> _AVAILABLE RECORDS_:
---*---
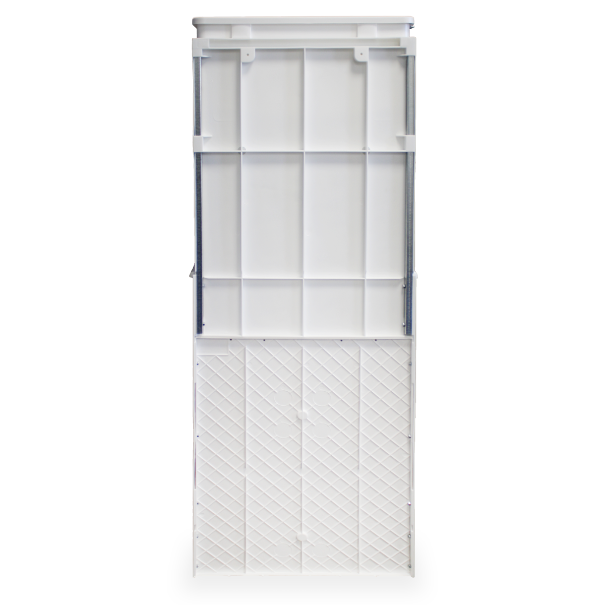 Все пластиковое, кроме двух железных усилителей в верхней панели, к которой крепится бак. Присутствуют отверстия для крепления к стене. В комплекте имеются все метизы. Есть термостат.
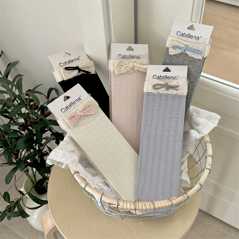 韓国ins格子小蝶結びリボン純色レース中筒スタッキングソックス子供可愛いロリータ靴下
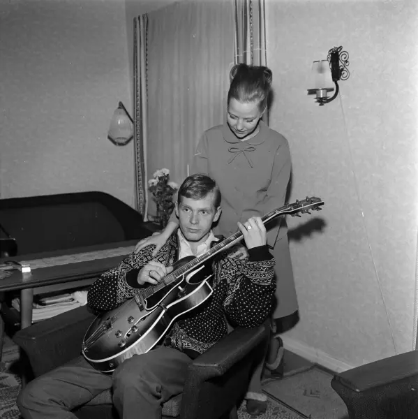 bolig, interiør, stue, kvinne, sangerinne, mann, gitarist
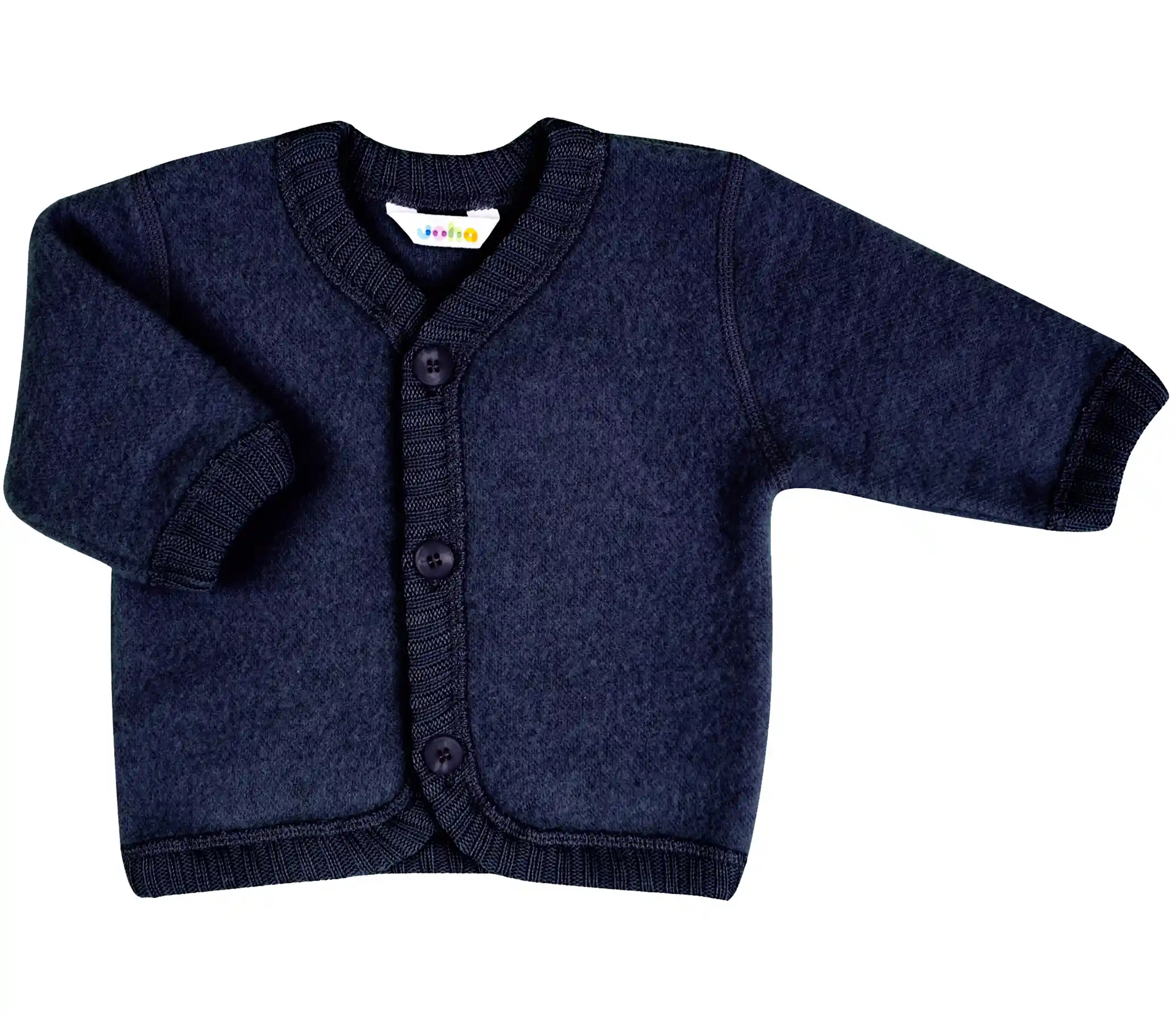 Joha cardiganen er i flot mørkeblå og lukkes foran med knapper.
---*---
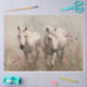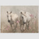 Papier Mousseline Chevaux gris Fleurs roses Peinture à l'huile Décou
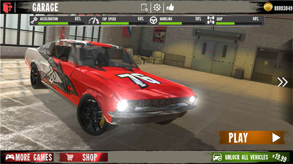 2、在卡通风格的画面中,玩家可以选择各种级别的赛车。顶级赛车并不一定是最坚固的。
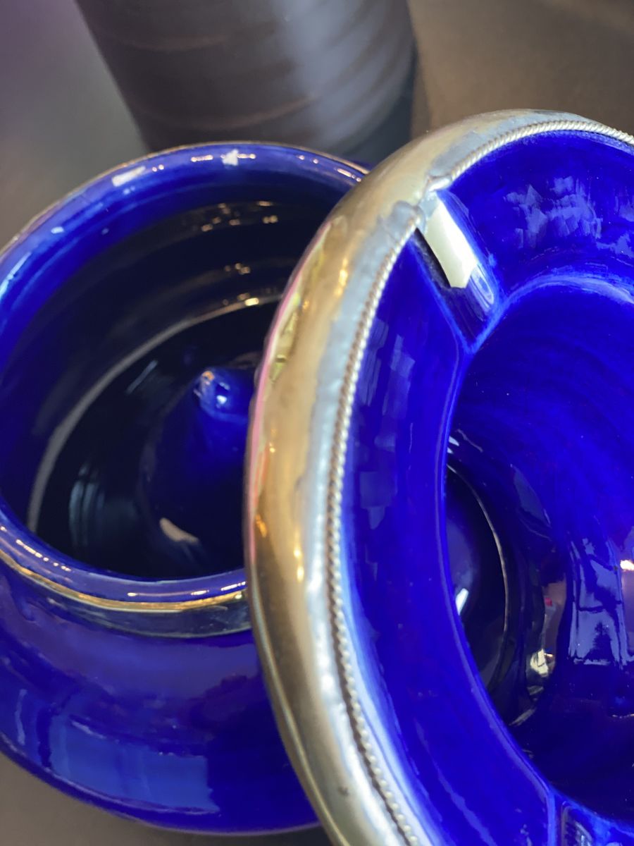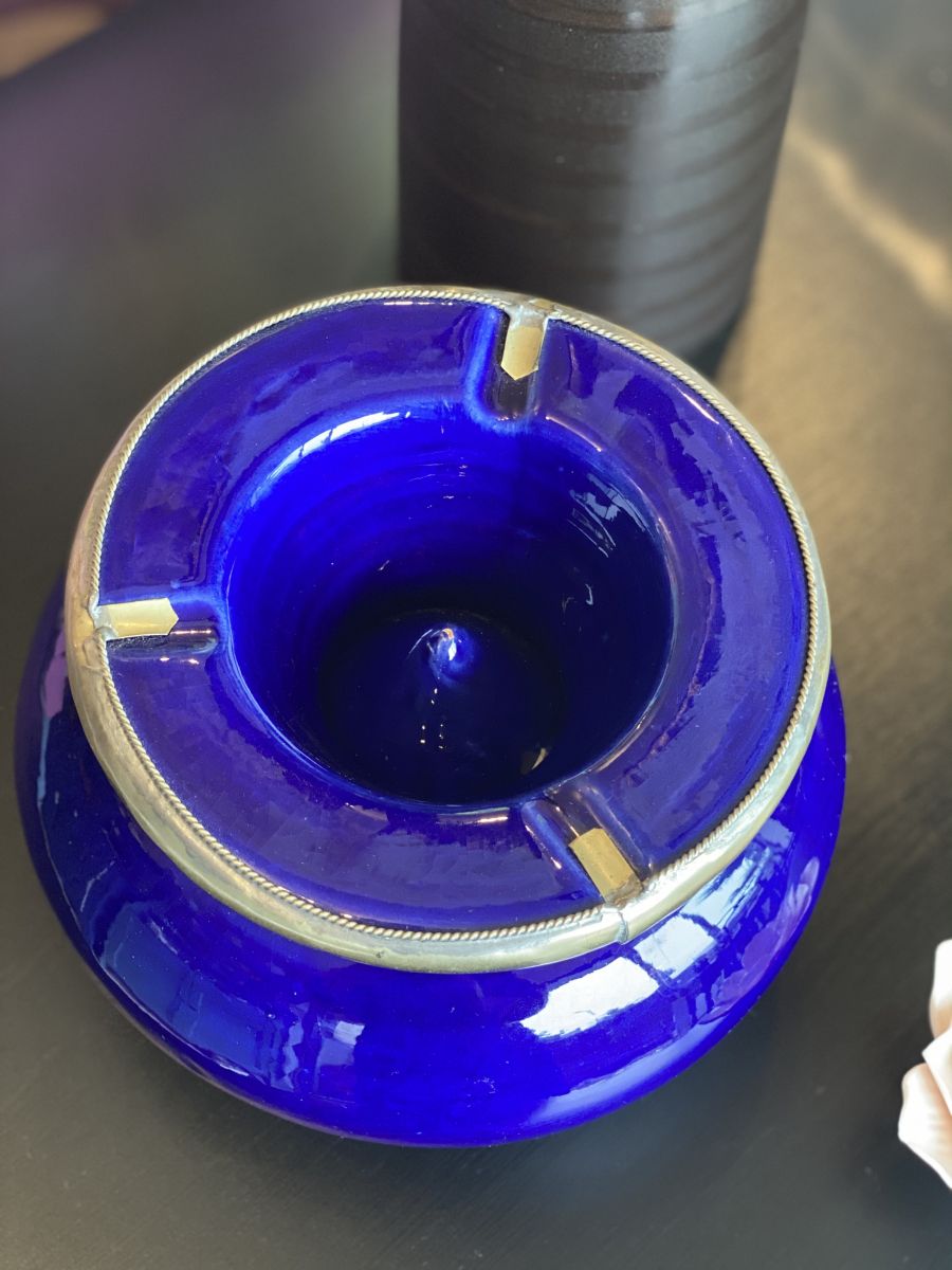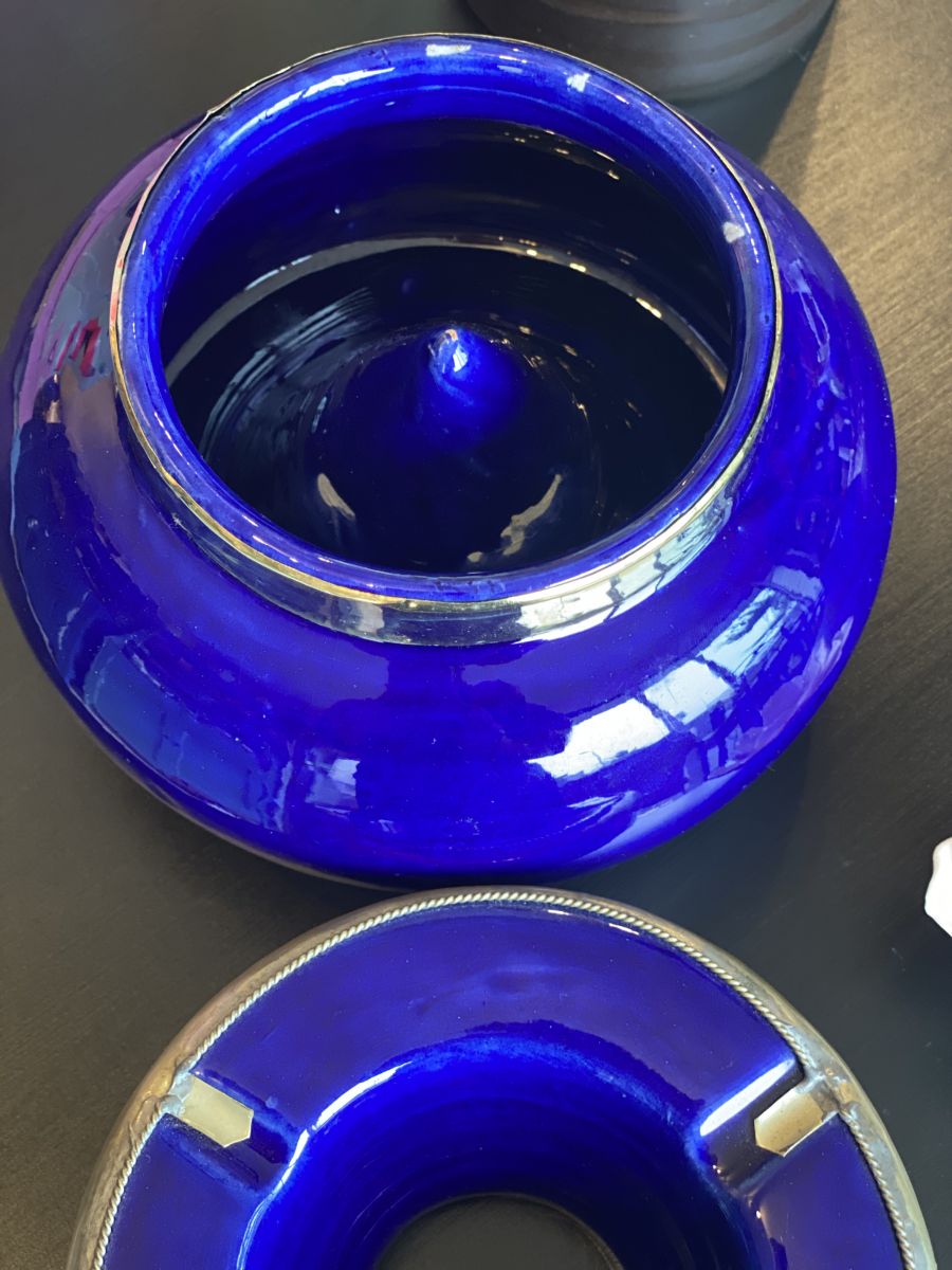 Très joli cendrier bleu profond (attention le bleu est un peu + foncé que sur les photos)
---*---
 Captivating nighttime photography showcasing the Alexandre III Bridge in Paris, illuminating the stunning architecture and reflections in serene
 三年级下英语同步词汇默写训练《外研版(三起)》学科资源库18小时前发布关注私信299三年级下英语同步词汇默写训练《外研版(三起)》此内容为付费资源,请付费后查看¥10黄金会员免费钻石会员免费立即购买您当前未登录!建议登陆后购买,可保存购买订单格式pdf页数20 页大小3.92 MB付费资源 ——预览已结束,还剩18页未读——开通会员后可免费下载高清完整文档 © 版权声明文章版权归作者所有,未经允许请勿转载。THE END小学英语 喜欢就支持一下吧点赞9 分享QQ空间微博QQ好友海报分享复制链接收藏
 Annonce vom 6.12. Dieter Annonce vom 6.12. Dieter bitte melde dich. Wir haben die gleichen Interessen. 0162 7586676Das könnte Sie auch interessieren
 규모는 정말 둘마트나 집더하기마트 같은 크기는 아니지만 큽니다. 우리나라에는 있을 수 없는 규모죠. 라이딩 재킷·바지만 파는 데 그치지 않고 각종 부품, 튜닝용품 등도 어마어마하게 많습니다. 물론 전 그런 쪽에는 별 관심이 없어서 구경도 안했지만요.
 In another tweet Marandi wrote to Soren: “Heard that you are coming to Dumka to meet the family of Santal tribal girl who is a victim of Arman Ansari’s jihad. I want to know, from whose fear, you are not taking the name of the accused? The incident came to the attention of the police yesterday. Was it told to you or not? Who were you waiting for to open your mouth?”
---*---
> _WHAT NEEDS TO BE DONE_:
From the data above, return only the lines starting at the line that holds "Все пластиковое, кроме" and ending at the line that holds "韓国ins格子小蝶結びリボン", word for word and without pictures.

> _RESULT OF THE EXERCISE_:
 Все пластиковое, кроме двух железных усилителей в верхней панели, к которой крепится бак. Присутствуют отверстия для крепления к стене. В комплекте имеются все метизы. Есть термостат.
 韓国ins格子小蝶結びリボン純色レース中筒スタッキングソックス子供可愛いロリータ靴下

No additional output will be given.